Specifies the tolerance range for criterion comparisons

HIERARCHY=

Specifies the hierarchy of effects to impose

NOINT

Specifies models without an explicit intercept

ORDERSELECT

Requests that parameter estimates be displayed in the order in which the parameters first entered the model

SELECTION=

Specifies the model selection method

SHOWPVALUES

Requests p-values in "ANOVA" and "Parameter Estimates" tables

STATS=

Specifies additional statistics to be displayed

STB

Adds standardized coefficients to "Parameter Estimates" tables


You can specify the following options in the MODEL statement after a slash (/).

CVDETAILS=ALL | COEFFS | CVPRESS

specifies the details that are produced when cross validation is requested as the CHOOSE= , SELECT= , or STOP= criterion in the MODEL statement. If n-fold cross validation is being used, then the training data are subdivided into n parts, and at each step of the selection process, models are obtained on each of the n subsets of the data obtained by omitting one of these parts. CVDETAILS=COEFFS requests that the parameter estimates obtained for each of these n subsets be included in the parameter estimates table. CVDETAILS=CVPRESS requests a table containing the predicted residual sum of squares of each of these models scored on the omitted subset. CVDETAILS=ALL requests both CVDETAILS=COEFFS and CVDETAILS=CVPRESS. If DETAILS=STEPS or DETAILS=ALL has been specified in the MODEL statement, then the requested CVDETAILS are produced for every step of the selection process.

CVMETHOD=BLOCK<(n)> | RANDOM<(n)> | SPLIT<(n)> | INDEX (variable)

specifies how the training data are subdivided into n parts when you request n-fold cross validation by using any of the CHOOSE= CV, SELECT= CV, and STOP= CV suboptions of the SELECTION= option in the MODEL statement.

  • BLOCK requests that parts be formed of n blocks of consecutive training observations.

  • SPLIT requests that the ith part consist of training observations $i,i+n,i+2n,\ldots $.

  • RANDOM assigns each training observation randomly to one of the n parts.

  • INDEX(variable) assigns observations to parts based on the formatted value of the named variable.
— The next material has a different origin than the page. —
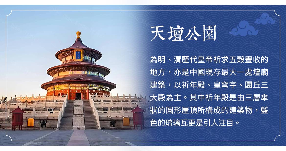 為明、清歷代皇帝祈求五穀豐收的地方,亦是中國現存最大一處壇廟建築,以祈年殿、皇穹宇、圜丘三大殿為主。其中祈年殿是由三層傘狀的圓形屋頂所構成的建築物,藍色的琉璃瓦更是引人注目。

This input data set variable is treated as a classification variable and the number of parts n is the number of distinct levels of this variable. By optionally naming this variable in a CLASS statement you can use the CLASS statement options ORDER= and MISSING to control how the levelization of this variable is done.

n defaults to 5 with CVMETHOD=BLOCK, CVMETHOD=SPLIT, or CVMETHOD=RANDOM. If you do not specify the CVMETHOD= option, then the CVMETHOD defaults to CVMETHOD=RANDOM(5).

DETAILS=level | STEPS <(step options)>

specifies the level of detail produced, where level can be ALL, STEPS, or SUMMARY. The default if the DETAILS= option is omitted is DETAILS=SUMMARY. The DETAILS=ALL option produces the following:

  • entry and removal statistics for each variable selected in the model building process

  • ANOVA, fit statistics, and parameter estimates

  • entry and removal statistics for the top 10 candidates for inclusion or exclusion at each step

  • a selection summary table

The DETAILS=SUMMARY option produces only the selection summary table.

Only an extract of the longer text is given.